Abstract
Expression of the genes for the membrane-bound Fo sector of the Escherichia coli F1Fo proton-translocating ATPase can respond to changes in metabolic conditions, and these changes are reflected in alterations in the subunit stoichiometry of the oligomeric Fo proton channel. Transcriptional and translational lacZ fusions to the promoter and to two Fo genes show that, during growth on the nonfermentable carbon source succinate, transcription of the operon and translation of uncB, encoding the a subunit of Fo, are higher than during growth on glucose. In contrast, translation of the uncE gene, encoding the c subunit of Fo, is higher during growth on glucose than during growth on succinate. Translation rates of both uncB and uncE change as culture density increases, but transcription rates do not. Quantitation of the c stoichiometry shows that more c subunits are assembled into the F1Fo ATPase in cells grown on glucose than in cells grown on succinate. E. coli therefore appears to have a mechanism for regulating the composition and, presumably, the function of the ATPase in response to metabolic circumstances.
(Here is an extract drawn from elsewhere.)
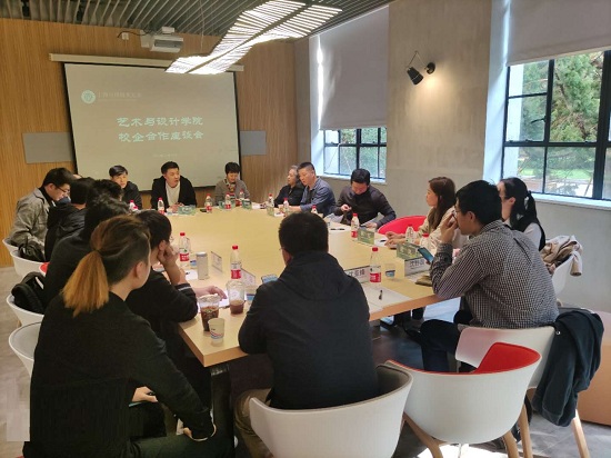 10月30日,艺术学院召开了校企合作座谈会。副院长史争光及各系主任参会,华建集团环境设计研究院、上海市园林设计研究总院有限公司、上海巧议网络科技有限公司、上海岸谷工业产品设计有限公司等家企业专家代表应邀出席,共同探讨搭建应用创新型设计人才培养平台、创新人才培养模式等问题。

F1Fo ATPases, or F-type ATPases, consist of two large sectors. The Fo sector forms a proton channel across the membrane. The F1 sector is the catalytic sector containing the sites for ATP synthesis or hydrolysis. These enzymes utilize the energy in a transmembrane electrochemical gradient of protons to drive the synthesis of ATP from ADP and Pi. In plants (chloroplasts) and animals (mitochondria), these enzymes operate primarily as ATP synthases. In facultative bacteria such as Escherichia coli, the enzymes can act as either ATP synthases or ATPases. The proton gradient generated by the electron transport chain can be used to drive transport and ATP synthesis. However, the enzyme can also hydrolyze ATP generated from glycolysis and pump protons across the membrane, restoring the proton gradient, which is used for a variety of transport processes (for a review, see reference 6). The enzyme therefore catalyzes a reversible reaction whose direction presumably depends upon the metabolic circumstances. Exactly how the direction of the reaction is determined is not known. There are no known allosteric or covalent activators or inhibitors of the enzyme, which might favor one direction of this reaction over the other. The activity of the mitochondrial F1Fo ATPase is inhibited by a specific inhibitor protein which prevents the enzyme from acting as an ATPase (7), but E. coli does not have an analogous protein, presumably because both ATP hydrolysis and ATP synthesis are essential, depending upon the metabolic conditions.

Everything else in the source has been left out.